Meme kanseri, artık yalnızca orta yaşlı kadınları değil, genç kadınları da giderek daha fazla etkiliyor. Fransız bilim insanlarının yayımladığı yeni bir araştırma, ülkede 40 yaş altı kadınlarda meme kanseri vakalarının son otuz yılda düzenli olarak arttığını gösteriyor.
Araştırma kapsamında, Fransız Halk Sağlığı Enstitüsü ve Ulusal Kanser Enstitüsü tarafından desteklenen bilim insanları, 1990–2018 yılları arasında Isère bölgesinde toplanan verileri analiz etti. Buna göre, 40 yaş altı kadınlarda meme kanseri vakaları her yıl ortalama yüzde 2,1 oranında artış gösterdi. 40-49 yaş arası kadınlarda ise artış oranı yılda yüzde 1,4 olarak kaydedildi. Uzmanlar, bu artışın “gerçek ve kayda değer” olduğunu belirtiyor.
Fransa’da meme kanseri, 61.000’i aşkın yeni vaka ile kadınlar arasında en sık rastlanan kanser türü olmaya devam ediyor. Vakaların yaklaşık yüzde 5’ini ise 40 yaş altı kadınlar oluşturuyor. Hollanda’da ise her 7 kadından biri bu hastalığa yakalanıyor.
Uzmanlar, genç yaşta meme kanseri vakalarındaki artışı farklı nedenlerle ilişkilendiriyor. Fransız kadınların ilk çocuklarını daha geç yaşta doğurması, daha az çocuk sahibi olmaları ve bununla bağlantılı olarak hormonal korumanın azalması en önemli faktörler arasında. Ayrıca, obezite, az hareket, alkol tüketimindeki artış gibi yaşam tarzı unsurları da riski yükseltiyor.

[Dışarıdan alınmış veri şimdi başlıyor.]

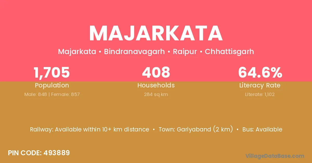 Gariyaband (2 km) is the nearest town to Majarkata village for major economic activities and is located approximately 2 km away.

Bazı plastikler, pestisitler ve kozmetik ürünlerdeki kimyasallara atıfla hormon düzenini bozan maddeler de mercek altına alınıyor. Bu maddelerin meme kanserine doğrudan yol açıp açmadığı kesinleşmemekle birlikte, araştırmacılar potansiyel bir bağ olduğuna dikkat çekiyor.

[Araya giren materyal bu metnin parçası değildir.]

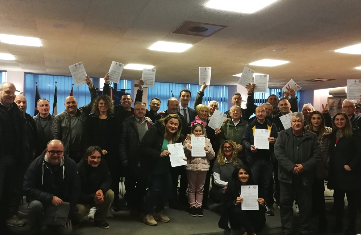 Presenti alla cerimonia di consegna anche i rappresentanti sindacali, Riccardo Padovano, Sib Confcommercio e Ottavio Di Stanislao, Assobalneari Confindustria.
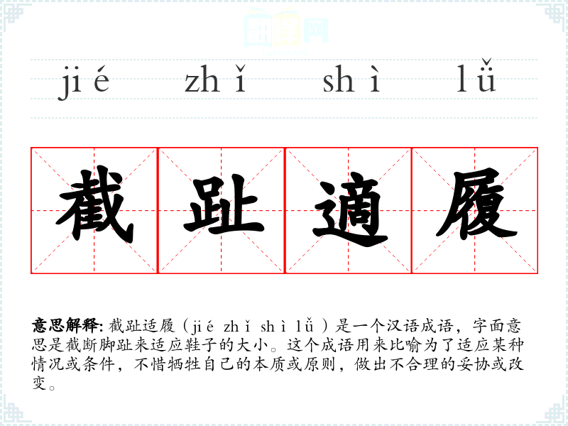 截趾适履(jié zhǐ shì lǚ)是一个汉语成语,字面意思是截断脚趾来适应鞋子的大小。这个成语用来比喻为了适应某种情况或条件,不惜牺牲自己的本质或原则,做出不合理的妥协或改变。

Genç kadınlarda meme kanseri genellikle daha agresif seyrediyor. Özellikle ‘üçlü-negatif’ tipi, bu yaş grubunda daha sık görülüyor ve hormon tedavisine daha az yanıt veriyor. Genç hastaların çoğu aktif iş ve aile yaşamına sahip olduğu için, hastalığın fiziksel ve duygusal etkileri de artıyor.
Fransa Ulusal Kanser Enstitüsü, yaşam tarzı, hormonal faktörler ve çevresel etkilerin araştırılmasına ağırlık verilmesi gerektiğini vurguluyor. Ayrıca, kalıtsal yatkınlığı veya güçlü aile öyküsü olan kadınlar için kişiselleştirilmiş tarama programları geliştirmek üzere çalışmalar sürdürüyor.